Du côté d’Arno, la définition d’« amour à distance » doit être comprise différemment. Le jeune homme n’a eu ni coup de cœur – comme pour Wassia ou Shérazade par exemple – ni possibilité de réessayer – comme pour Sonia. Mais cela ne veut pas dire qu’il rentre chez lui intact. En effet, ce séjour lui permet de se réconcilier avec ce qu’il nomme « la déconnexion ». Chez les Iranien.nes, le fait de ne pas être totalement connecté.es à l’Iran est chose normale puisque beaucoup d’entre elleux appartiennent à la diaspora. L’expérience iranienne est donc, bien souvent, une expérience diasporique, une expérience à distance. Aussi, il mentionne la « personnalisation de son identité ». Désormais, son identité iranienne est la sienne : « c’est plus une identité de premier degré que de deuxième degré » explique-t-il.

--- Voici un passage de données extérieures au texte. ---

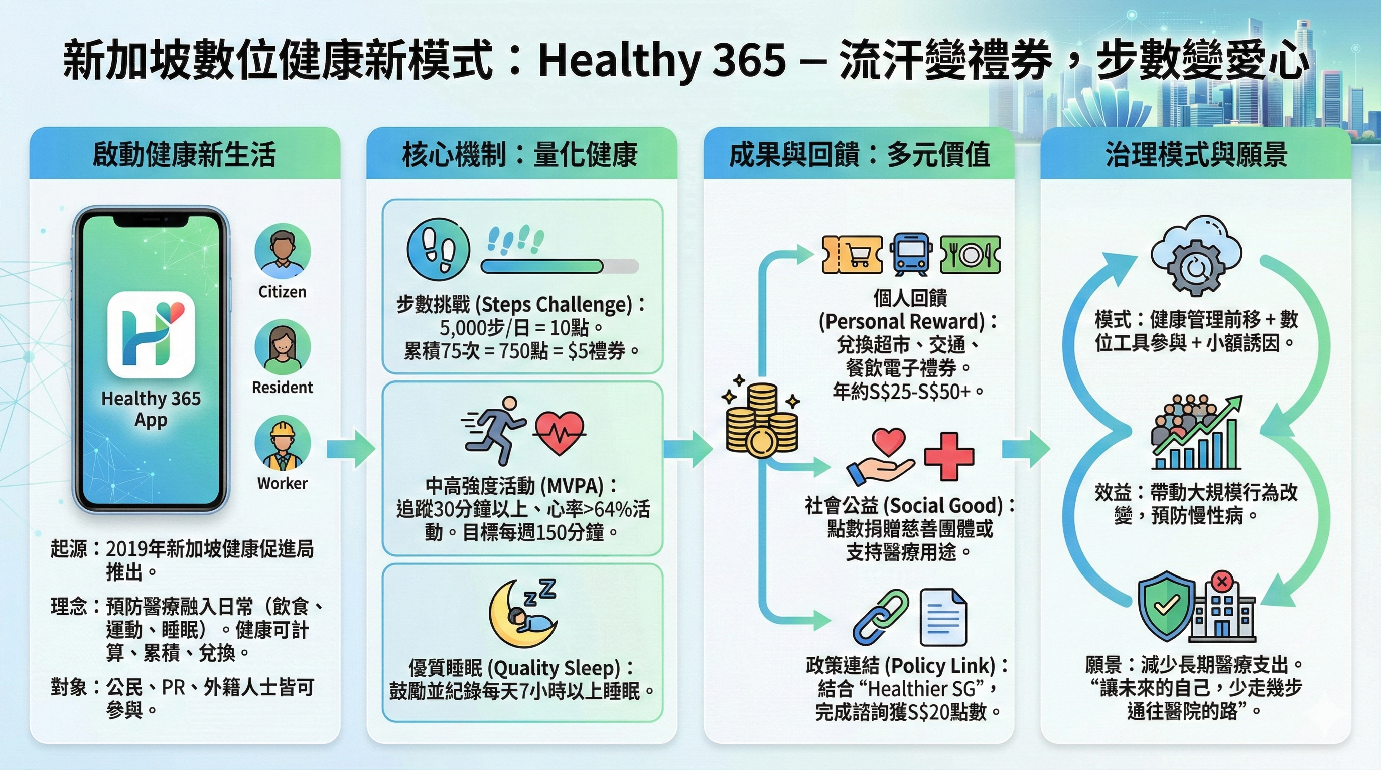 Healthy 365 亦是「更健康的新加坡」(Healthier SG)政策的重要工具。完成首次健康規劃諮詢者,可獲得等值 S$ 20 的健康點數。透過這種整合設計,預防醫療、社區診所與數位科技形成連動,使健康管理從政策理念落實於日常生活。

La relation qu’il entretient avec lui-même est plus personnelle, plus intime. Les communautés iraniennes diasporiques la façonnent moins.

Quoi qu’il arrive, il semblerait qu’on ne revient pas de son premier voyage au bled inchangé.e. Si ce premier séjour n’est pas forcément bouleversant, ni même plaisant, il permet de mieux se connaître. Parfois même d’être plus en phase avec soi-même. Et ce n’est pas rien. Au-delà du fait qu’on aime toujours en apprendre plus sur soi-même, le lien avec le racisme ambiant en France semble évident. C’est sûrement pour ça que presque tous.tes les témoignages l’évoquent. Le fait de se sentir étranger ici, alors qu’on ne devrait pas, crée un sentiment d’étrangeté vis-à-vis de soi-même. Contrairement à ce que les pro-assimilation veulent faire croire, tous ces témoignages montrent bien que la France ne traite pas tous.tes ses enfants pareil. Mais aussi qu’il n’y a rien de mal à s’approprier son pays/sa culture d’origine, à l’aimer, à la revendiquer, encore moins dans un contexte raciste.